Tuesday, October 20th, 2009

the beatles beyond rock band.

I intentionally avoided American love songs, trying to dispel their belief that all Americans were hedonists. Despite my efforts, romantic songs — whatever their language — were the guards’ favorites.

The Beatles song “She Loves You,” which popped into my head soon after I received my wife’s letter from the Red Cross, was the most popular.

For reasons that baffled me, the guards relished singing it with me. I began by singing its first verse. My three Taliban guards, along with Tahir and Asad, then joined me in the chorus.

“She loves you — yeah, yeah, yeah,” we sang, with Kalashnikovs lying on the floor around us.

David Rohde, “You Have Atomic Bombs, but We Have Suicide Bombers,” New York Times.

#289 – After Shock & Awe

Thursday, February 26th, 2009

moving beyond & thinking back on “shock and awe.”

…You’re using a hatchet where you need a scalpel. — Barack Obama, First McCain-Obama Presidential Debate, October 2008

Mark Landler of the New York Times, one talking head in Frontline’s marvelous “instant history” documentary, Inside the Meltdown, describes Hank Paulson and Ben Bernacke’s decision — after much avoidance — to go to Congress for direct capital injections from the federal government to the private banking system as “almost the economic equivalent of ‘shock and awe.’”

It’s an intriguing comparison, one that commentators such as Ariana Huffington pointed out at the time.

It makes me wonder two things:

First, during parts of the “Dubya” years, “shock and awe” seemed so powerful as a technique. It inspired fear and loathing (and analysis) on the left such as Naomi Klein’s The Shock Doctrine. Aside from “shock and awe”‘s obvious problems (small things such as killing a lot of people and causing plenty more to suffer), what seems more striking now is what a failure “shock and awe” seems to have been, both in its military and financial versions. What initially appeared as such agile legerdemain — the spectacle by which neoconservatism (in the political realm) and neoliberalism (in the economic sphere) was able to dominate, steal, overwhelm, and even win — now seems like such a desperate ploy: the anxious posturing of a vulnerable bully; the last sucker punch from a heavyweight going down for the count.

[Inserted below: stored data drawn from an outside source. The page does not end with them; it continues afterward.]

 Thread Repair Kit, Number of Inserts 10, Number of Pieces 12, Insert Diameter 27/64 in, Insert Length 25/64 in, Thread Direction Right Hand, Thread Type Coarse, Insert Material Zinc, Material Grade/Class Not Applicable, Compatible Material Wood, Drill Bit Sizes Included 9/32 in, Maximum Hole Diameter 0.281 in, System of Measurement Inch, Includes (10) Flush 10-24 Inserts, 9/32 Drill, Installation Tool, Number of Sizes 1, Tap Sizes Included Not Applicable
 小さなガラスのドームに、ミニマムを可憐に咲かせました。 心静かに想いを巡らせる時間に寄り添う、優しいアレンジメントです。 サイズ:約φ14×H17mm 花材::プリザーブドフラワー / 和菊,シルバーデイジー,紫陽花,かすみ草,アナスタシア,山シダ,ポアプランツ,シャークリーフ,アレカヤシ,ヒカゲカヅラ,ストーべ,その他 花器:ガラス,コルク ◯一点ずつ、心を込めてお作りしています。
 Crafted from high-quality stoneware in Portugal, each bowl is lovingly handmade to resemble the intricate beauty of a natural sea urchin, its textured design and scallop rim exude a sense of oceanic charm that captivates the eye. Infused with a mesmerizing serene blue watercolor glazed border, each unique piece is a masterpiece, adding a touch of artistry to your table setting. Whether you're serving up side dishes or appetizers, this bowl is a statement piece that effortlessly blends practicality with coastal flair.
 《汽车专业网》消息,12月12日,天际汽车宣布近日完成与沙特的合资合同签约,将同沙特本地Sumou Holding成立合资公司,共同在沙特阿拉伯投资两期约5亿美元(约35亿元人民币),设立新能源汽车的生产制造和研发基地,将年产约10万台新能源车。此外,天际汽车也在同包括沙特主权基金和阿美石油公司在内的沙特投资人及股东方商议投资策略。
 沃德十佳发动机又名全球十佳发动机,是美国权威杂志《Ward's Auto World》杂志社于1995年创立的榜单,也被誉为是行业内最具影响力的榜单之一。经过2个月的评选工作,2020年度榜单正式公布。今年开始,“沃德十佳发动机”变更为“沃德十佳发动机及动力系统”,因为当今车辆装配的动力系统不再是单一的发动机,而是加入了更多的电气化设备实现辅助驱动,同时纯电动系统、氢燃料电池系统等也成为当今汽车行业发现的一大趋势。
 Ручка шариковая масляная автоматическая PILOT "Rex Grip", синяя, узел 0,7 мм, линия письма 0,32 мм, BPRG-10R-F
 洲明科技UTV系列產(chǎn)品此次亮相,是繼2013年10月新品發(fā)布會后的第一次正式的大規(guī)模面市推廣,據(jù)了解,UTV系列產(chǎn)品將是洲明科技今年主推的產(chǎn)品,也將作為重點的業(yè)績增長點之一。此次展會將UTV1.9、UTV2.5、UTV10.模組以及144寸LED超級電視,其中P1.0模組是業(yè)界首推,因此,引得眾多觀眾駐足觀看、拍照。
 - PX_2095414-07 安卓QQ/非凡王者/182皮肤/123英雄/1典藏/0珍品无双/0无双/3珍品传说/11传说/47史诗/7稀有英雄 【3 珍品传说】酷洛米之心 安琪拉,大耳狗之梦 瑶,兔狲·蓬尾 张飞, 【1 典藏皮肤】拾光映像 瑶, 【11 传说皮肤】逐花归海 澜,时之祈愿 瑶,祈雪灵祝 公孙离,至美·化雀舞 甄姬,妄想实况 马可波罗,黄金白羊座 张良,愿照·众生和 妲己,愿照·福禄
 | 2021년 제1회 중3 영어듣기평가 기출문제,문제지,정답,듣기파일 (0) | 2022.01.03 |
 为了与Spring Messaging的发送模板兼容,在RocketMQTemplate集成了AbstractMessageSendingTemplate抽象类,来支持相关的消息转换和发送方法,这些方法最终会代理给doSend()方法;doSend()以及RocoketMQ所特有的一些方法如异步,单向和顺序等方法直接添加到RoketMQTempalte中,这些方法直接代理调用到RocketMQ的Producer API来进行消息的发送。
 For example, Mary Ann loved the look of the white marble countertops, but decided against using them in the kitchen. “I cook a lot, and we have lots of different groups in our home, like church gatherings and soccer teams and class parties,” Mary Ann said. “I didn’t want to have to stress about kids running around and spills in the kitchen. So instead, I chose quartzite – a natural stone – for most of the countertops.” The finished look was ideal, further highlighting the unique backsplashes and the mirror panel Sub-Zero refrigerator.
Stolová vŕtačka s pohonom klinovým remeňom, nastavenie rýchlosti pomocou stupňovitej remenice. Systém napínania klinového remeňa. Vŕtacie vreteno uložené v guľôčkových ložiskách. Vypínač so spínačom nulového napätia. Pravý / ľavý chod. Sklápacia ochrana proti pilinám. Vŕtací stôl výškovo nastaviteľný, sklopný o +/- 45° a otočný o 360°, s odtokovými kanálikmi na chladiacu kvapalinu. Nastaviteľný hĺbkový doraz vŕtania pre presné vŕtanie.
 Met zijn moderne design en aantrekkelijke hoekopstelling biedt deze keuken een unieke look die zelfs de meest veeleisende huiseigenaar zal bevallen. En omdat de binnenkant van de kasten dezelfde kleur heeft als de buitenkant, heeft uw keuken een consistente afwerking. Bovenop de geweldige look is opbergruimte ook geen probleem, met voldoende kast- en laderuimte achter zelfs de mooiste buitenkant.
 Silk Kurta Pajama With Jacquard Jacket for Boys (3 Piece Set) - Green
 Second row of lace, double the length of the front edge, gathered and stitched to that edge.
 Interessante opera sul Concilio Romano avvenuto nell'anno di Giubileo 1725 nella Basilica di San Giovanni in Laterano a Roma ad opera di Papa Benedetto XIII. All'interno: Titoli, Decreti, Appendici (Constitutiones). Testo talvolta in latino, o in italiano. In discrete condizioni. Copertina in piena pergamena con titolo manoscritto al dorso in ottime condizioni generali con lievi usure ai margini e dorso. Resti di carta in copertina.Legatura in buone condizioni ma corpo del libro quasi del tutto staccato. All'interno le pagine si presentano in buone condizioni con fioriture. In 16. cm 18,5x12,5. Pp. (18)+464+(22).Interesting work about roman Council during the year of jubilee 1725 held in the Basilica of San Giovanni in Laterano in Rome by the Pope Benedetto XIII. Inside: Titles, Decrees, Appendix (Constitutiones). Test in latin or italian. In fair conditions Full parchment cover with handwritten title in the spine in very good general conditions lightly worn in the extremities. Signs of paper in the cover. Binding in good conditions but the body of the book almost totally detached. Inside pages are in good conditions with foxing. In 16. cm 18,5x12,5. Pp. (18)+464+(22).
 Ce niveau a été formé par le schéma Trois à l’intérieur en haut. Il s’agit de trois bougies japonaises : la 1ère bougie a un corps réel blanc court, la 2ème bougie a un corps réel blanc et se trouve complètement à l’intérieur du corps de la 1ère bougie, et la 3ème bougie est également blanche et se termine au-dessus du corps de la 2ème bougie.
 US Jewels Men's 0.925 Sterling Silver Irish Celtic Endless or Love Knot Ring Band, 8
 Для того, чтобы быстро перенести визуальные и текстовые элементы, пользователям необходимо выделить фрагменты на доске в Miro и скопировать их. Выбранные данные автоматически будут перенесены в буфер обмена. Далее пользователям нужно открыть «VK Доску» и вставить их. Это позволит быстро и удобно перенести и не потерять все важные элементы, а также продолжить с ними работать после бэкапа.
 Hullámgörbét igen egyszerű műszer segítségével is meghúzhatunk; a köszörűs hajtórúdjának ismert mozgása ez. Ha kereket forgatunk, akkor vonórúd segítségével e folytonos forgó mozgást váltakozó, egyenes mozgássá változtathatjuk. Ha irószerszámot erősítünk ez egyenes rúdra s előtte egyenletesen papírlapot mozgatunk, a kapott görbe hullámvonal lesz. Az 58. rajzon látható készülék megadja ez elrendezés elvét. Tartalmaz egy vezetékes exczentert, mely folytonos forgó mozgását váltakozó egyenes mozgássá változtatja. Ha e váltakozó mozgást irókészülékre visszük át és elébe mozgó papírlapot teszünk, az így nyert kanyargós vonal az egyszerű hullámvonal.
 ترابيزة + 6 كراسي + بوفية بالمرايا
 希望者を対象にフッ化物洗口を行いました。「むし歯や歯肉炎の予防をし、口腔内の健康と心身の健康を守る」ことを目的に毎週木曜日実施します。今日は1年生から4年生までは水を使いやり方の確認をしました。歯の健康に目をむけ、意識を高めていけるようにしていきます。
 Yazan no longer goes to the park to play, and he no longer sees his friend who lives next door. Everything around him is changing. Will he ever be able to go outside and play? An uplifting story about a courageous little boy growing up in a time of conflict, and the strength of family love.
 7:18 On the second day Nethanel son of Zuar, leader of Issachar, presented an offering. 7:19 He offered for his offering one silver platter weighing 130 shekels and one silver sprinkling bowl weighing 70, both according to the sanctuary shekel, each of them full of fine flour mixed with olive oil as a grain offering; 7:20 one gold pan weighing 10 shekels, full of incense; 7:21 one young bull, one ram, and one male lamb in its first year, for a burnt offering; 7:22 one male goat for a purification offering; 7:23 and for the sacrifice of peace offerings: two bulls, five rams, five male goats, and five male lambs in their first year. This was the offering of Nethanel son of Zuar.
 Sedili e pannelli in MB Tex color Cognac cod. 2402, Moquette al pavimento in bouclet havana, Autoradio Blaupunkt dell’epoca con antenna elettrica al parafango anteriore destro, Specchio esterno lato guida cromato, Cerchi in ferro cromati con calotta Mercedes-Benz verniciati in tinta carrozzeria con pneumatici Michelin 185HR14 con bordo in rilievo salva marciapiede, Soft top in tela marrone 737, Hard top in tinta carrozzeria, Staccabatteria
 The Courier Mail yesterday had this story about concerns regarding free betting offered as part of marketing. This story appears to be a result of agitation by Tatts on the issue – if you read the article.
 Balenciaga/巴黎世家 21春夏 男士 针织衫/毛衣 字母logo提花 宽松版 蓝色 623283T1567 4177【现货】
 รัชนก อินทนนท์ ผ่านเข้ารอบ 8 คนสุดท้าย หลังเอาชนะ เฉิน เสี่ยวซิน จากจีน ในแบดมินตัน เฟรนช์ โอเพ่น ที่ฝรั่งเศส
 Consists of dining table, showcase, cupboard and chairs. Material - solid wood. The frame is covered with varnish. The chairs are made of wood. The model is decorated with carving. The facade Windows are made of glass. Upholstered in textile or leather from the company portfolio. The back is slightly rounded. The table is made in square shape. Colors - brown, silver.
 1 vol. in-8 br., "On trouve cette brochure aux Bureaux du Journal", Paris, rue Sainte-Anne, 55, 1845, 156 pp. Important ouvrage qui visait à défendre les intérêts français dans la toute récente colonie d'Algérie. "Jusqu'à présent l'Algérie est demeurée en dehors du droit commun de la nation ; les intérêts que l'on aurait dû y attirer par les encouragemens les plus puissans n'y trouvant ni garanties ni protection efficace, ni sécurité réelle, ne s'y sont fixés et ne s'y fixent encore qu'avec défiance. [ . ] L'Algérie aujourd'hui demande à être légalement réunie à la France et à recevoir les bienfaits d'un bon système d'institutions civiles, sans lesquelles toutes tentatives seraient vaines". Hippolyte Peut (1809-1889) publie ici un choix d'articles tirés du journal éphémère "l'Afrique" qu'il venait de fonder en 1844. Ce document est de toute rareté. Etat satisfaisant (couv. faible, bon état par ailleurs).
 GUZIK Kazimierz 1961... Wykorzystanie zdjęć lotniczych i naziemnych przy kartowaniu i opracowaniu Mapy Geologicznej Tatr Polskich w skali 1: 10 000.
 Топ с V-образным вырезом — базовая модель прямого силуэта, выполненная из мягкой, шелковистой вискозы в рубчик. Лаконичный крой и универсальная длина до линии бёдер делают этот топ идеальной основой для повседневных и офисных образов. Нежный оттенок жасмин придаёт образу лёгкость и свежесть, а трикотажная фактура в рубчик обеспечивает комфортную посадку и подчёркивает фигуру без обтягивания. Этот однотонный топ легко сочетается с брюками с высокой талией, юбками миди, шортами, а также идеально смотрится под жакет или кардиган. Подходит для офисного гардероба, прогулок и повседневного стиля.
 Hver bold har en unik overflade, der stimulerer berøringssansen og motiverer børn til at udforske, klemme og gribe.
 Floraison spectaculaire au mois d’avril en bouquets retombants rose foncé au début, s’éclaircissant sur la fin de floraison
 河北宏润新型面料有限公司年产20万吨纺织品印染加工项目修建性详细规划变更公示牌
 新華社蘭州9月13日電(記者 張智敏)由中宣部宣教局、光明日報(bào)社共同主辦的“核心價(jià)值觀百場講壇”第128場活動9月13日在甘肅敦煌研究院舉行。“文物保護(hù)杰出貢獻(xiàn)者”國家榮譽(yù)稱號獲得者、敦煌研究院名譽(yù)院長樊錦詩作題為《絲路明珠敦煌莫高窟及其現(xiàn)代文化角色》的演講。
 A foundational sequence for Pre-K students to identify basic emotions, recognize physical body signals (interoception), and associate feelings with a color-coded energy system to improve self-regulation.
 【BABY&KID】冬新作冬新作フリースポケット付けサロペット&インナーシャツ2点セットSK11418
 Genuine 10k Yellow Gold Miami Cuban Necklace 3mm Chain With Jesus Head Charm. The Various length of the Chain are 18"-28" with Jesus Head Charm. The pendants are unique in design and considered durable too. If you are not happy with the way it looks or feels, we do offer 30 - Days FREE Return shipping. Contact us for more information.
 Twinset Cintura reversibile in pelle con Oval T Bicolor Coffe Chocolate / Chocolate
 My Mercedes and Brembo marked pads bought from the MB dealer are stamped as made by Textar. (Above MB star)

Second, and more intriguingly, now that its moment is perhaps passing, might begin to think about the broader metaphor of “shock and awe” during the first decade of the twenty-first century? Does it, will it, serve as a useful tool for understanding a wider swathe of cultural production in the face of shifting technological and social foundations? Now that we are moving from the hatchet blow method of power (shock and awe them and bop them — or ourselves — over the head) to the Obama administration’s surgical scalpel, can we ask: what was “shock and awe” all about in a deeper sense?

Was it a kind of collective spell out of which the U.S. and the world is beginning to snap? And snap to what: attention or pieces?

#235 – The Pervasive Ghost of 9/11

Saturday, September 13th, 2008

cultural permutations of terror in film, art, & television.

The ghost of 9/11 and the response of the so-called War on Terror haunt many cultural artifacts of the last seven years. Among them, the anniversary of 9/11 this year made me think of three: the film Tickets, the television series Foyle’s War, and the photographs of the Border Film Project.

Tickets was a quiet little collective movie comprised of three film-vellas by the directors Abbas Kiarostami, Ken Loach, and Ermanno Olmi. These directors follow three discrete stories on board a train toward Rome. All three tales emphasize difference and conflict, private fantasies and public spaces, meglomania and deep empathy, disconnection and the effort to overcome it. And all the activities feel haunted by an anxiety that something terrible is about to happen…and yet it never does. In fact, the film seeks out alternative visions of a cosmopolitan Europe besides the post-9/11 one.

Tickets

Folye’s War similarly takes place in Europe, this time in England during World War II. Though not a BBC drama, it has all the airs of one: it’s middlebrow to the core. And yet it is also a wonderful show. Seeming at first to be an escapist period piece that draws upon true events from the World War II era, the show resonates more and more with contemporary British anxieties the more one watches it. As we follow a chief police detective (played marvelously by Michael Kitchen) strive to prevent the ends of victory in the war from compromising values of justice and fair rule by law, the shows increasingly seem to take stock of how Britain is fairing in the current War on Terror. How is the country holding up in preserving freedom when it has compromised this freedom in response to terrible tragedies such as the Tube bombings as well as anxieties about a growing immigrant population? Foyle’s War seems to look back to the World War II period in order to take an emotional accounting of the current British war.

Foyle’s War

Finally, in the Border Film Project, Victoria Criado and other artists sent out disposable cameras to “migrants and Minutemen on the U.S.-Mexico border,” who then packed the cameras into envelopes and anonymously mailed them back to the artists. The resulting images are artful and fascinating, furtive glimpses into the shadow life of borders under the blazing sun. Their strangely intertwined tales of liberty and security seem to identify the competing elements of the 9/11 collective imagination.

Border Film Project

#212 – Echolocation #10 – Viva La Musica Pop

Thursday, April 24th, 2008

the magnetic fields, “world love”

“When the rhythm calls the government falls…”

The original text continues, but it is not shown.